**Task to carry out:** Where does "Figure" appear in the data? Return each line that holds it.

**Data to examine:**
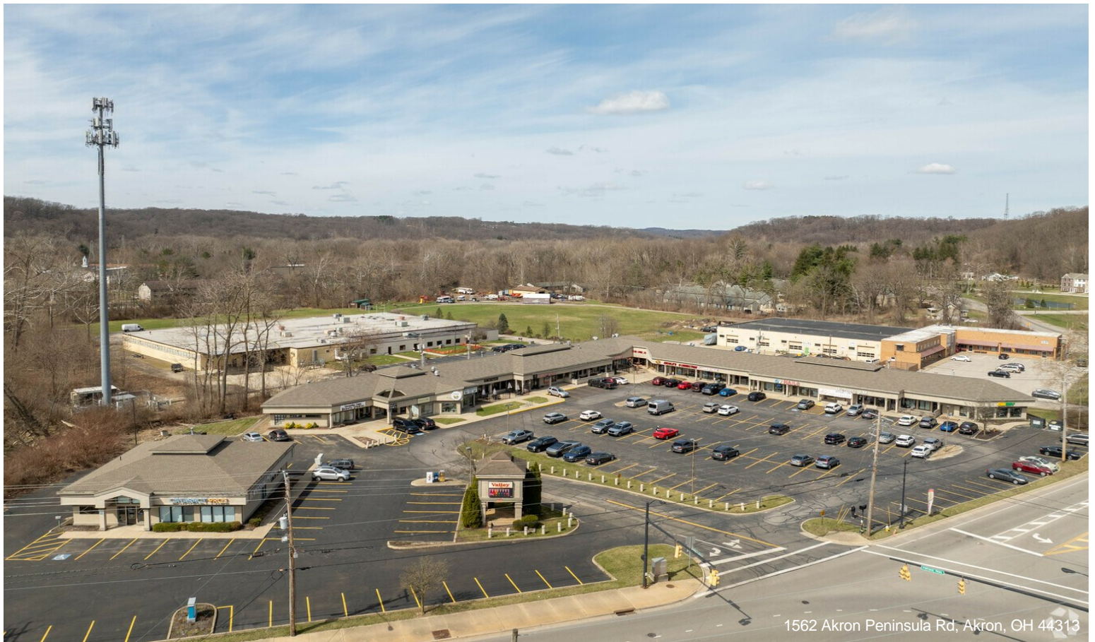
1562 Akron Peninsula Rd, Akron, OH 44313
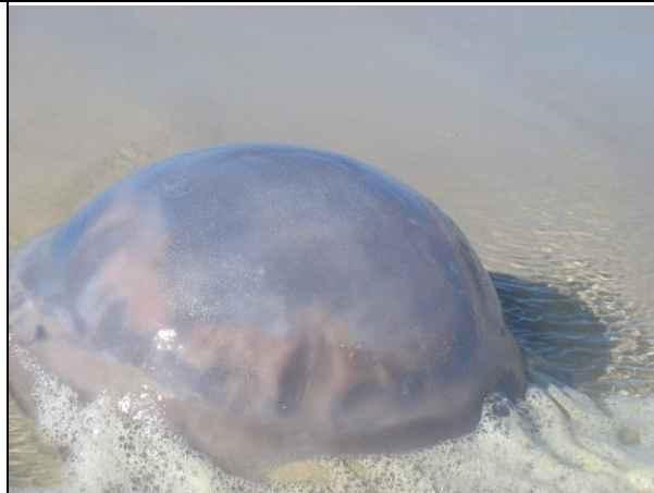
Compass Jelly fish
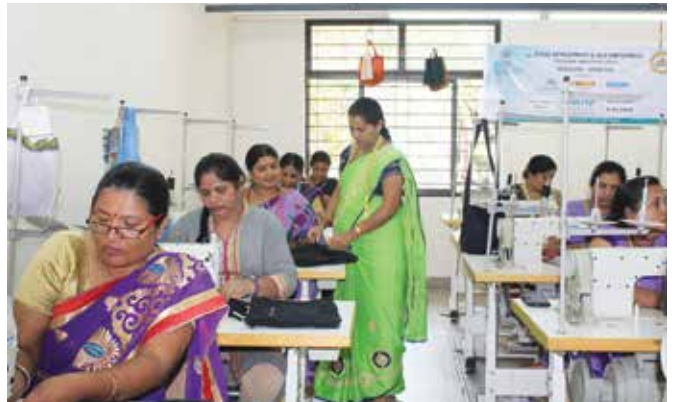
Trainees in Jute Products Udyami practical

The institute organised RUDSETI Bazaar from 24th to 27th October 2019 on the occasion of Krishi Mela at Bengaluru, wherein past trainees of RUDSETI participated and made handsome sales.
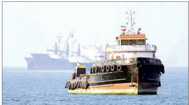
The Iran-flagged tugboat Basim sails near a ship anchored in the Strait of Hormuz off Bandar Abbas in southern Iran.

sage requests must be submitted exclusively through its website and email address, and must include vessels' "valid and accessible" contact information.
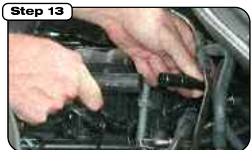
Connect supplied vent hose to nipple at intake tube and at breather vent tube. Note: no clamps are required.
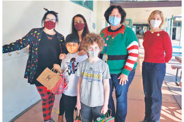
Last Day of Hybrid before the break.
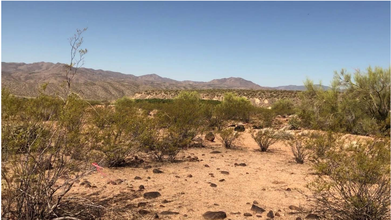
Figure 2 – Big Sandy – Hole 3 Approved Drill Location

We have engaged with local drilling contractors to finalise mobilisation logistics and expect the programme to commence in June 2018.”
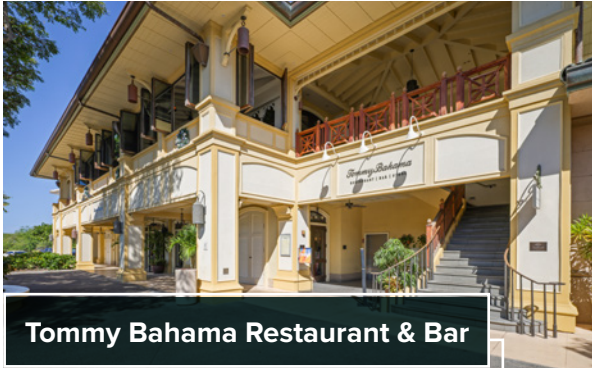
Tommy Bahama Restaurant & Bar
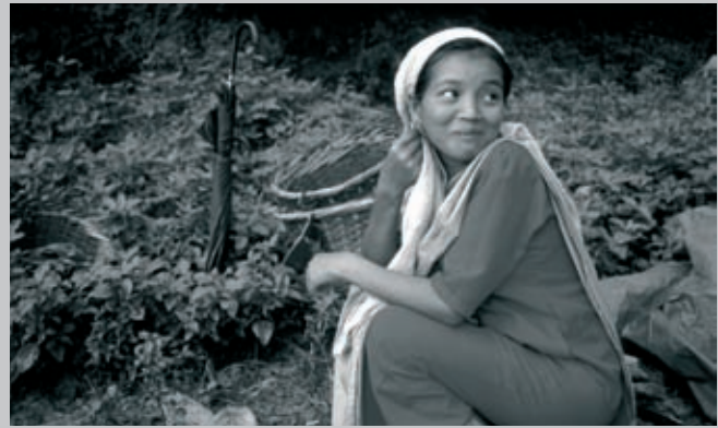
Young Khasi woman.

Ri Bhoi is one of the state's seven districts. It is located in the north of East Khasi Hills District, on the slope leading down towards the plains of Assam. Ri Bhoi is inhabited mostly by Khasi. But there are also other indigenous groups such as the Garos, Karbis, Marngars, Mikirs, Bodos and Lalungs. According to local sources, the non-Khasi indigenous communities were later settlers in different parts of Ri Bhoi.
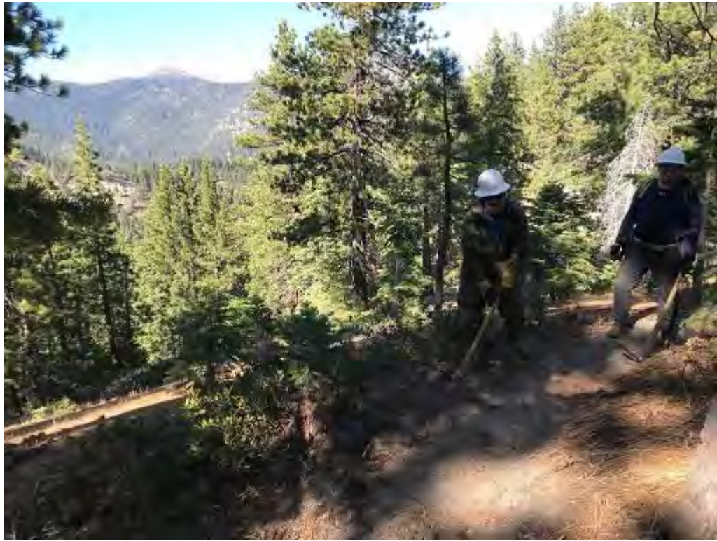
Brushing out bush chinquapin
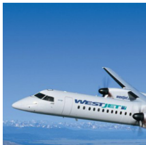
WestJet passengers take long way home to Terrace, B.C.
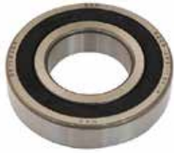
DRIVE PULLEY BEARING K15-G2200 | OEM: TXG2-200
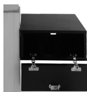
Lockable notebook cabinet
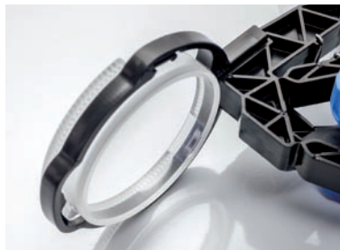
New reduction lens is designed to optimize the view of the retina and the limbus, increasing surgical efficiency
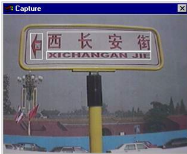
Figure 5 An example of automatic sign detection
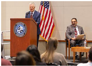
Gov. Florio visits Stockton Florio Urges Students to Stay Engaged and Informed
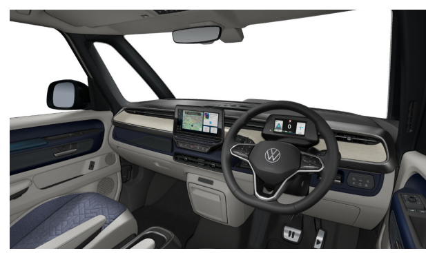
X-Blue-Mistral/Soul-Mistral/Black Standard on ID.Buzz Family onward Not available on ID.Buzz Life
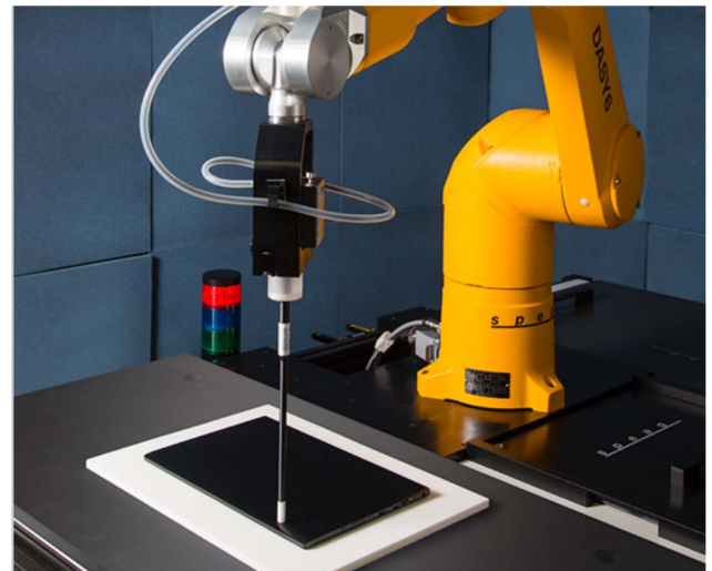
Figure 1. Power density measurement system using a pseudo-vector probe.

plane is large enough to cover the relevant field emitted by the source, the total field can be computed on arbitrary observation points in the half-space away from the measurement plane. This is achieved by evaluating the surface current integrals with the free-space Green's function at the observation points of interest. We are

**Answer box:**
Figure 2 – Big Sandy – Hole 3 Approved Drill Location
Figure 5 An example of automatic sign detection
Figure 1. Power density measurement system using a pseudo-vector probe.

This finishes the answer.